Exercise instructions:
Provide a verbatim copy of all the records below, leaving the images out.

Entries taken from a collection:
----

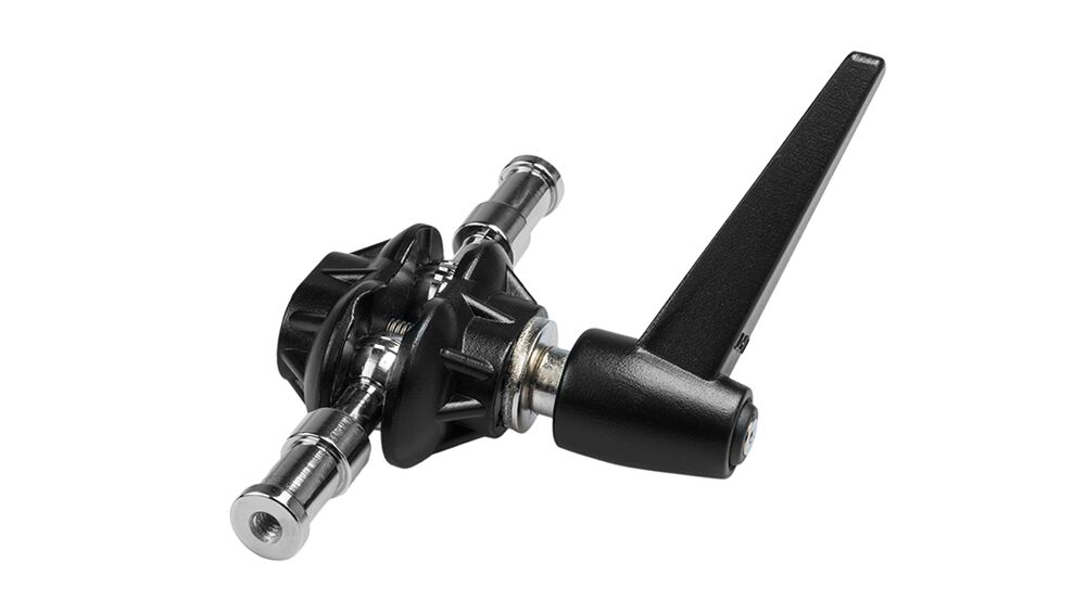 The all metal ball joint has a center ratchet handle that loosens both 5/8” (16mm) Baby studs for complete articulation to position mounted gear in the optimal direction and angle. Once the handle is tightened, all parts lock, positioning your gear in the exact desired location.
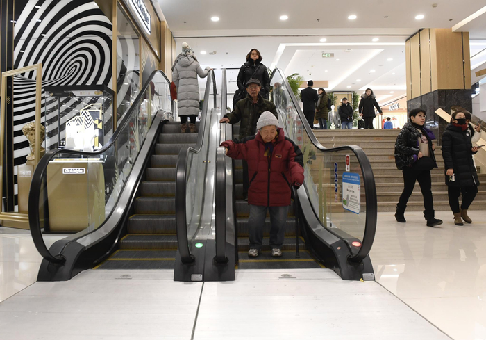 长安商场在一层设置了最短扶梯,大大方便了顾客。摄影/新京报记者 吴宁
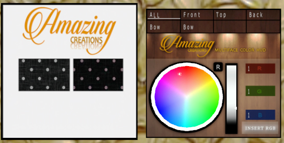 The third Amazing Creations Hud allows tinting on various parts of the dress to create whatever look or mood! There is an easy to read instruction note card on how all three huds work to achieve the look you’re wanting included in the purchase.
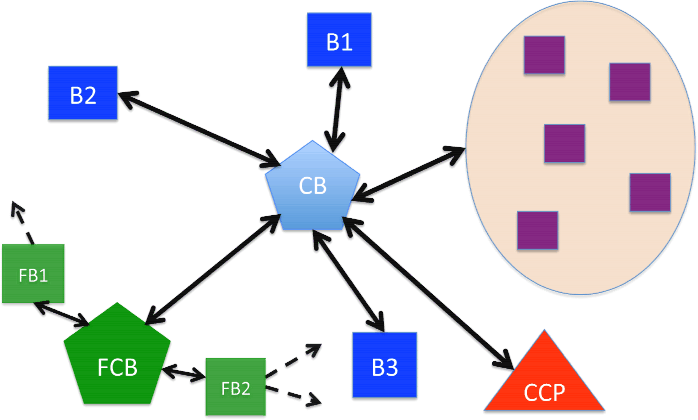 "Plumbing" is a common metaphor for institutional elements of the financial system that are fixed in the short run and enable flows of credit, capital, and financial risk. This institutional structure includes some big "valves and pipes" that connect central banks, dealer banks, money market funds, major institutional investors, repo clearing banks, over-the-counter (OTC) derivatives central clearing parties, and exchanges. The connectors include lending facilities offered by central banks to each other and to dealer banks, tri-party repo and clearing agreements, OTC derivatives master swap agreements, prime-brokerage agreements, and settlement systems arranged through FedWire, CHIPS, CLS Bank, DTC, the two main clearing banks for tri-party repurchase agreements, and other major custodians and settlement systems.
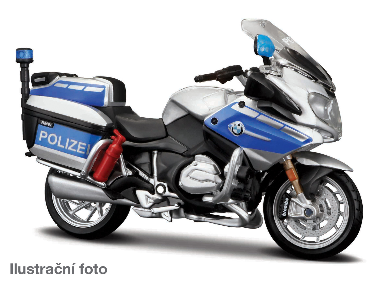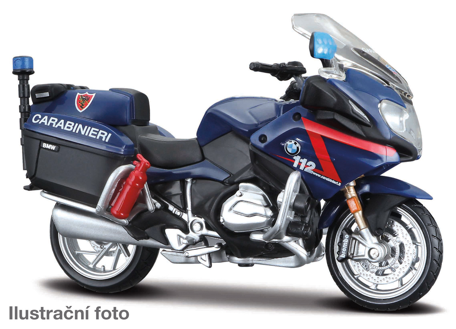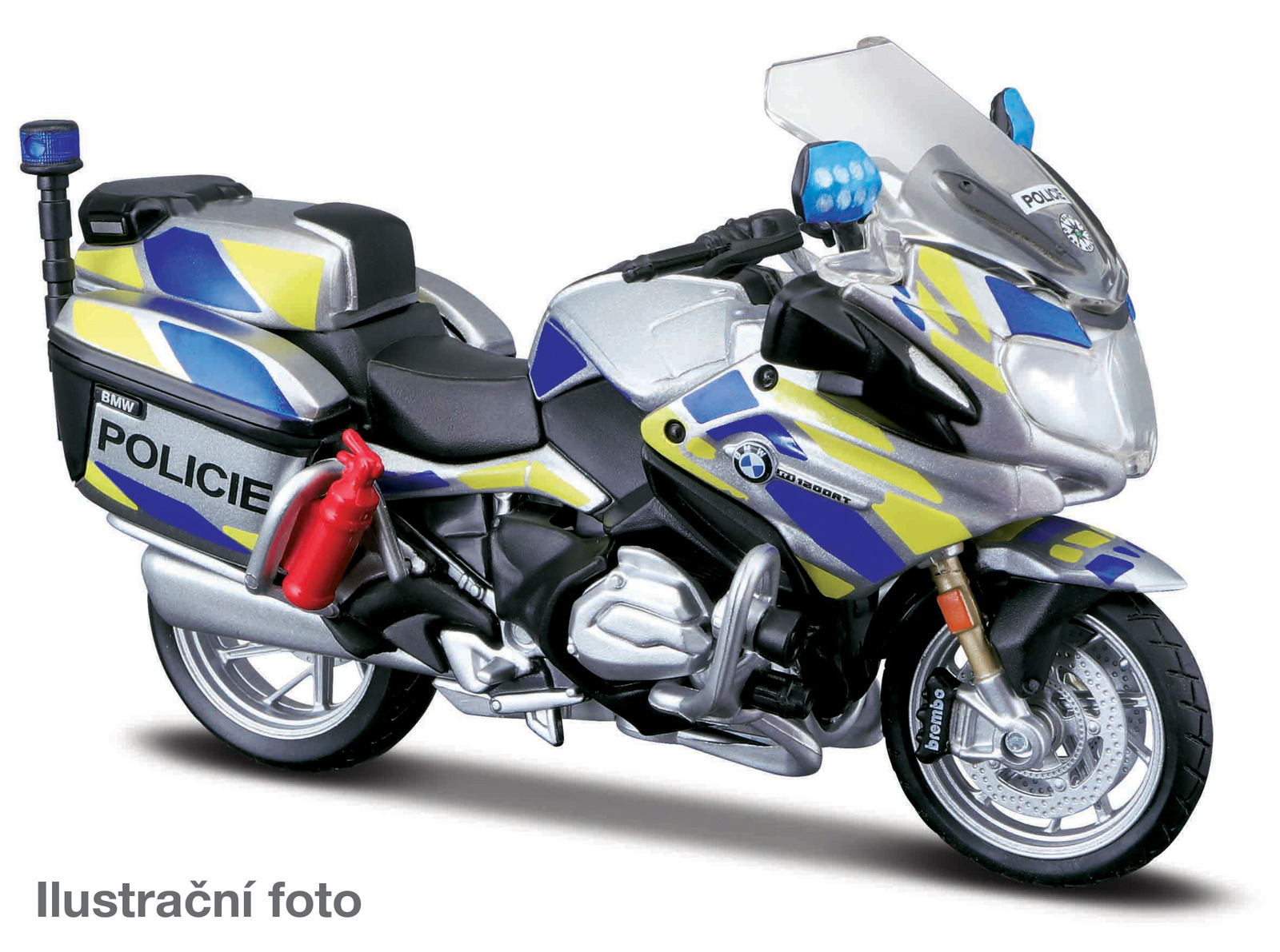 Design Authority Policajné Motocykle. Kovové modely policajných motocyklov v modelovom meradle 1:18. Varianty k dispozícii: Polícia BMW R 1200 RT - Česká republika, Polícia BMW R 1200 RT - Nemecko, Polícia BMW R 1200 RT - Taliansko, Polícia BMW R 1200 RT Veľká Británia. Motocykle majú otočné riadidlá a odpruženú zadnú nápravu. Sú usadené na čiernom plastovom podstavci. Nevhodné pre deti do 3 rokov. Assort je náhodný mix modelov. Výber nemožno ovplyvniť. Vek: 3+
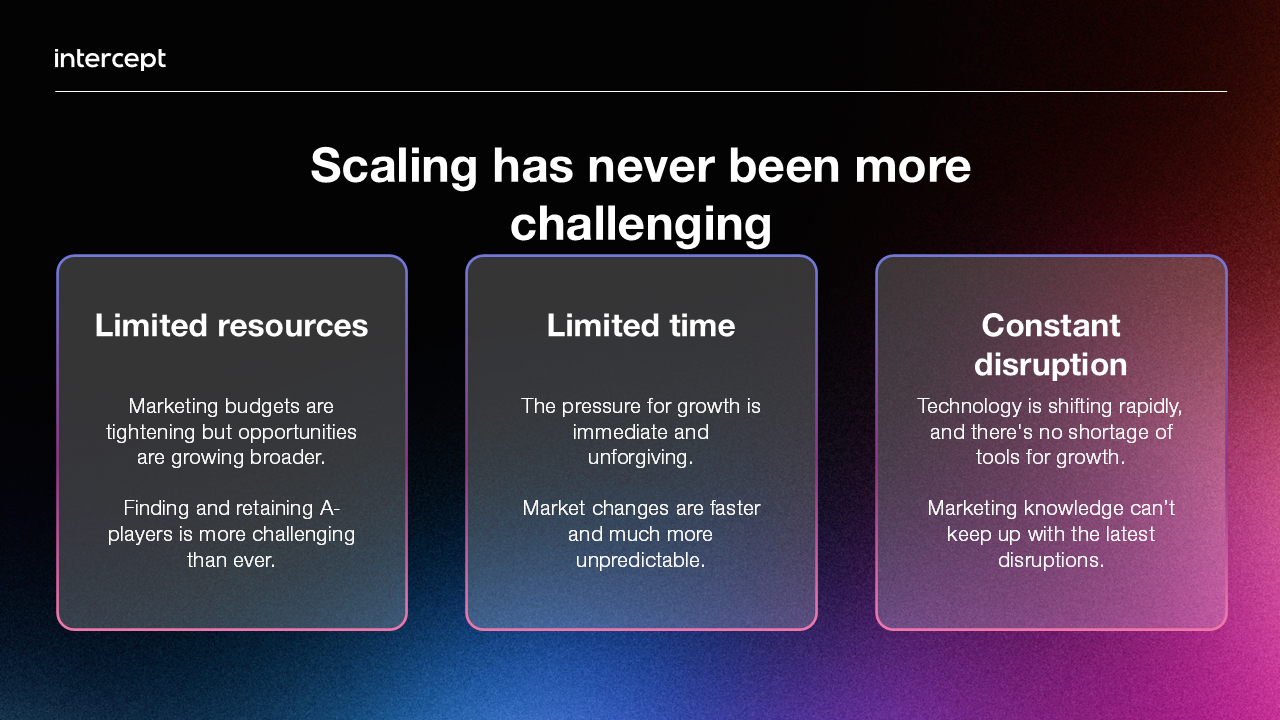 Scale was intended as the bold and boundary-defying counterpart to the Intercept brand, bringing vibrancy, dynamism, and memorability. The original brand direction for Scale felt dull and outdated, and when the project landed in my hands, the design required a full rework to align with the intended vision.
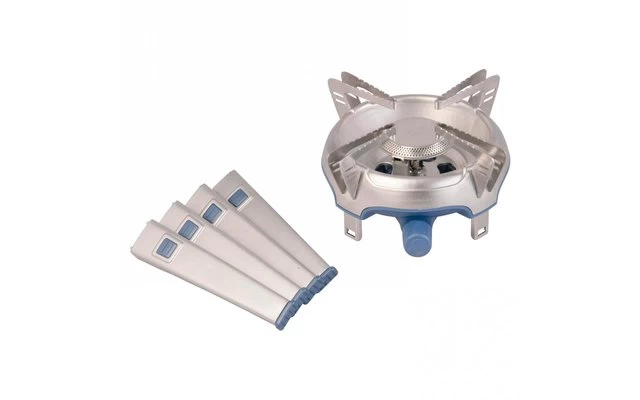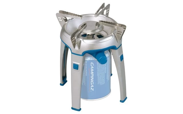 der robuste Kocher Bivouac™ hat ein futuristisches Design und weist ein hohes Maß an Stabilität auf. Er eignet sich daher und aufgrund des hohen Bedienungskomforts besonders gut für Einsteiger im Umgang mit Gaskochern. Der Kocher ist groß genug, um auch größeren Pfannen und Töpfen sicheren, stabilen Halt zu geben. Trotzdem hat er ein kompaktes Maß, da die Beine für den Transport einfach abgenommen werden können.
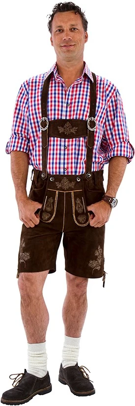 Mooie Lederhose perfect voor een Oktoberfest. Deze bruine, korte lederhose is van geitenleer gemaakt.
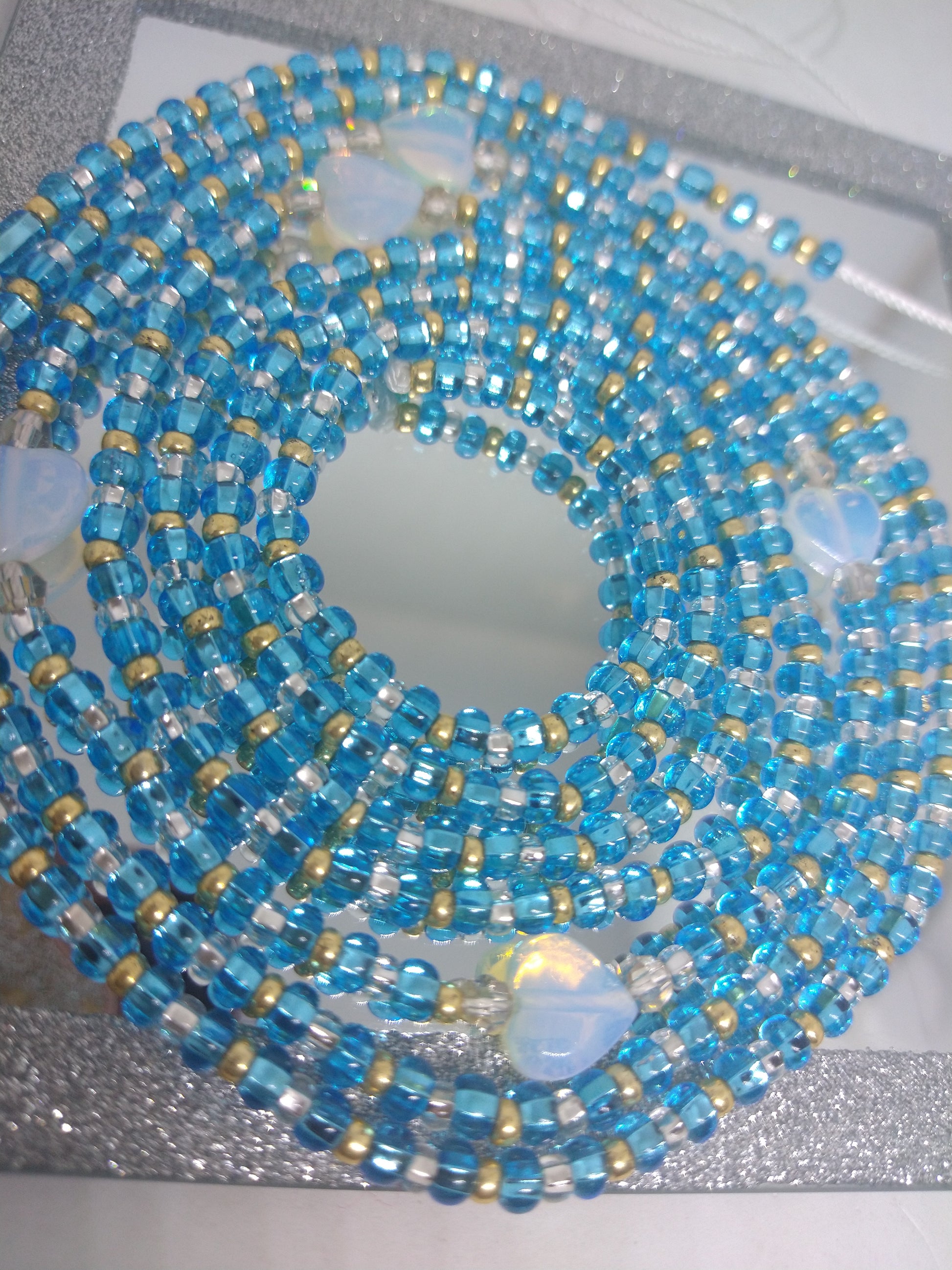 Adorn your waist with elegance and intention. Hand-stitched with shimmering Czech beads in turquoise and gold, this strand features glowing opalite heart stones that bring balance, clarity, and radiant energy. Perfect for sacred adornment or everyday wear, these waistbeads are made to highlight your beauty and attract positive vibes.
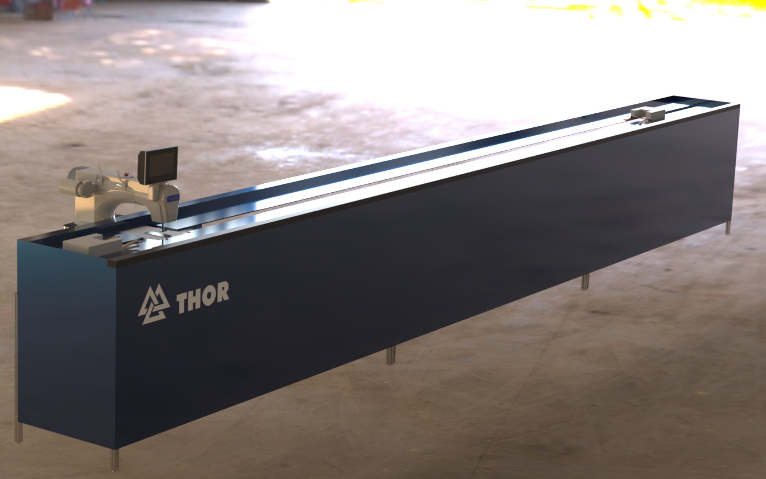 ТSW е специализирана автоматизирана работна станция, проектирана да оптимизира и повиши ефективността при зашиване на прави шевове с голяма дължина. За разлика от стандартните шевни машини, при този модел материалът остава неподвижен върху дълга маса, а шевната глава се движи автоматично по прецизна водеща релса. Процесът се контролира чрез сензорен екран, където се задават параметри като дължина на шева, скорост и други специфични настройки. Това гарантира изключителна праволинейност и повторяемост на всеки шев, което е трудно постижимо при ръчно водене на плата. Машината е идеална за операции като подгъви, зашиване на джобове за тръби, пришиване на велкро ленти и силиконови кантове.

----

Result below:
 The all metal ball joint has a center ratchet handle that loosens both 5/8” (16mm) Baby studs for complete articulation to position mounted gear in the optimal direction and angle. Once the handle is tightened, all parts lock, positioning your gear in the exact desired location.
 长安商场在一层设置了最短扶梯,大大方便了顾客。摄影/新京报记者 吴宁
 The third Amazing Creations Hud allows tinting on various parts of the dress to create whatever look or mood! There is an easy to read instruction note card on how all three huds work to achieve the look you’re wanting included in the purchase.
 "Plumbing" is a common metaphor for institutional elements of the financial system that are fixed in the short run and enable flows of credit, capital, and financial risk. This institutional structure includes some big "valves and pipes" that connect central banks, dealer banks, money market funds, major institutional investors, repo clearing banks, over-the-counter (OTC) derivatives central clearing parties, and exchanges. The connectors include lending facilities offered by central banks to each other and to dealer banks, tri-party repo and clearing agreements, OTC derivatives master swap agreements, prime-brokerage agreements, and settlement systems arranged through FedWire, CHIPS, CLS Bank, DTC, the two main clearing banks for tri-party repurchase agreements, and other major custodians and settlement systems.
 Design Authority Policajné Motocykle. Kovové modely policajných motocyklov v modelovom meradle 1:18. Varianty k dispozícii: Polícia BMW R 1200 RT - Česká republika, Polícia BMW R 1200 RT - Nemecko, Polícia BMW R 1200 RT - Taliansko, Polícia BMW R 1200 RT Veľká Británia. Motocykle majú otočné riadidlá a odpruženú zadnú nápravu. Sú usadené na čiernom plastovom podstavci. Nevhodné pre deti do 3 rokov. Assort je náhodný mix modelov. Výber nemožno ovplyvniť. Vek: 3+
 Scale was intended as the bold and boundary-defying counterpart to the Intercept brand, bringing vibrancy, dynamism, and memorability. The original brand direction for Scale felt dull and outdated, and when the project landed in my hands, the design required a full rework to align with the intended vision.
 der robuste Kocher Bivouac™ hat ein futuristisches Design und weist ein hohes Maß an Stabilität auf. Er eignet sich daher und aufgrund des hohen Bedienungskomforts besonders gut für Einsteiger im Umgang mit Gaskochern. Der Kocher ist groß genug, um auch größeren Pfannen und Töpfen sicheren, stabilen Halt zu geben. Trotzdem hat er ein kompaktes Maß, da die Beine für den Transport einfach abgenommen werden können.
 Mooie Lederhose perfect voor een Oktoberfest. Deze bruine, korte lederhose is van geitenleer gemaakt.
 Adorn your waist with elegance and intention. Hand-stitched with shimmering Czech beads in turquoise and gold, this strand features glowing opalite heart stones that bring balance, clarity, and radiant energy. Perfect for sacred adornment or everyday wear, these waistbeads are made to highlight your beauty and attract positive vibes.
 ТSW е специализирана автоматизирана работна станция, проектирана да оптимизира и повиши ефективността при зашиване на прави шевове с голяма дължина. За разлика от стандартните шевни машини, при този модел материалът остава неподвижен върху дълга маса, а шевната глава се движи автоматично по прецизна водеща релса. Процесът се контролира чрез сензорен екран, където се задават параметри като дължина на шева, скорост и други специфични настройки. Това гарантира изключителна праволинейност и повторяемост на всеки шев, което е трудно постижимо при ръчно водене на плата. Машината е идеална за операции като подгъви, зашиване на джобове за тръби, пришиване на велкро ленти и силиконови кантове.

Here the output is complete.